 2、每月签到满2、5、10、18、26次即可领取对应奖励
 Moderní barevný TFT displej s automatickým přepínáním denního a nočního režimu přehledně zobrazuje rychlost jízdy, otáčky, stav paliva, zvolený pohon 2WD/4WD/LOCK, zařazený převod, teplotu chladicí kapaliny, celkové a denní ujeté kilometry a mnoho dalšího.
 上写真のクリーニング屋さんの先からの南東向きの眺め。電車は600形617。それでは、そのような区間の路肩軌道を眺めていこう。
==
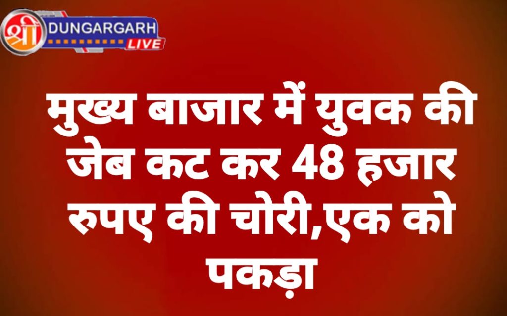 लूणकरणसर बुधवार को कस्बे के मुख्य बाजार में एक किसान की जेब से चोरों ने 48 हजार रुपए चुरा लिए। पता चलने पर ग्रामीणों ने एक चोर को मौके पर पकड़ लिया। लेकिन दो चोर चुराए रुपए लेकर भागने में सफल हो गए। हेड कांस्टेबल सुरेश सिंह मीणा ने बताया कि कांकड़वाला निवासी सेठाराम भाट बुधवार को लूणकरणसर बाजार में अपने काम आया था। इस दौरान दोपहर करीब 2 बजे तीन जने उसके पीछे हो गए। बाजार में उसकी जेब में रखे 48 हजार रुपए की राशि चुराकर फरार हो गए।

## Exercise brief
Of the entries above, transcribe exactly those lines that fall between the line containing "2、每月签到满2、5、10、18、26次即可领取对应奖励" and the line containing "上写真のクリーニング屋さんの", together with those two lines.

## Reply to the task
 2、每月签到满2、5、10、18、26次即可领取对应奖励
 Moderní barevný TFT displej s automatickým přepínáním denního a nočního režimu přehledně zobrazuje rychlost jízdy, otáčky, stav paliva, zvolený pohon 2WD/4WD/LOCK, zařazený převod, teplotu chladicí kapaliny, celkové a denní ujeté kilometry a mnoho dalšího.
 上写真のクリーニング屋さんの先からの南東向きの眺め。電車は600形617。それでは、そのような区間の路肩軌道を眺めていこう。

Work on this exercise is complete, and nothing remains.